Так тетя Тоня же, тетя Тоня!.. С год назад, когда мы с ней стояли в долгой очереди на пункте приема стеклотары, она жаловалась: страшно ей, страшно… Чего? А всего она боится. Войны, голода, холода, особенно же — тьмы. Когда война, в домах нет света, и она на всякий случай хранит на антресолях керосиновую лампу — колпак, правда, с трещиной, ну да это не беда; и немного горючего хранит в красивой бутылке из-под иностранного вина; бутылку она во дворе нашла, в приемку такую посуду — пышную, вычурную — не берут, вот она и нашла ей полезное применение.
Да, свет керосинки необходим. Он опустит, притянет к себе потолок и заметно сожмет объем комнаты — и грубые тени, сдавленные тесными стенами, издадут мраморный Лаокоонов стон.
14
За рабочим столом я разбирал свои "записки сумасшедшего" — их собралась целая груда, наверное, и в обычную канцелярскую папку не уместится.
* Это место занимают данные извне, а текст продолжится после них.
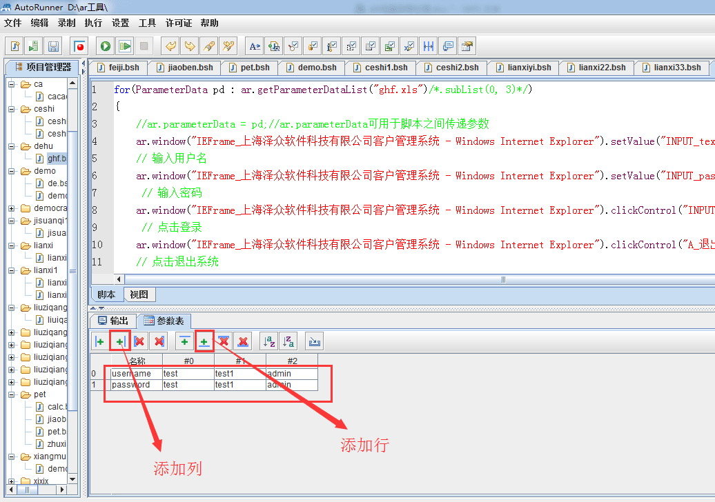 ar.window("IEFrame_上海泽众软件科技有限公司客户管理系统 - Windows Internet Explorer").setValue("INPUT_password_password",""+pd.getFrom(“password”)); //输入密码

Это была простая работа прачки, отжимающей белье.
Отжать бумагу с множеством слов так, чтобы на ней остался список гостей.
Тех, у кого с моим чахоточным персонажем одна группа крови. Тех, кто вычислен и опознан мной в долгих блужданиях по игровому полю, в котором я — чисто бессознательно, подчиняясь инстинкту игрока, — собирал заветные "палочки", не отдавая себе отчет в том, что, в принципе, восстанавливаю оригинал.
А что — краски в нашем городе подходящие, да и натурщиков хватает.
Там, в оригинале, изображены больные, уставшие люди.
Они работают на угольных копях, и потому у них ветхие, изношенные, забитые земляной и угольной пылью легкие…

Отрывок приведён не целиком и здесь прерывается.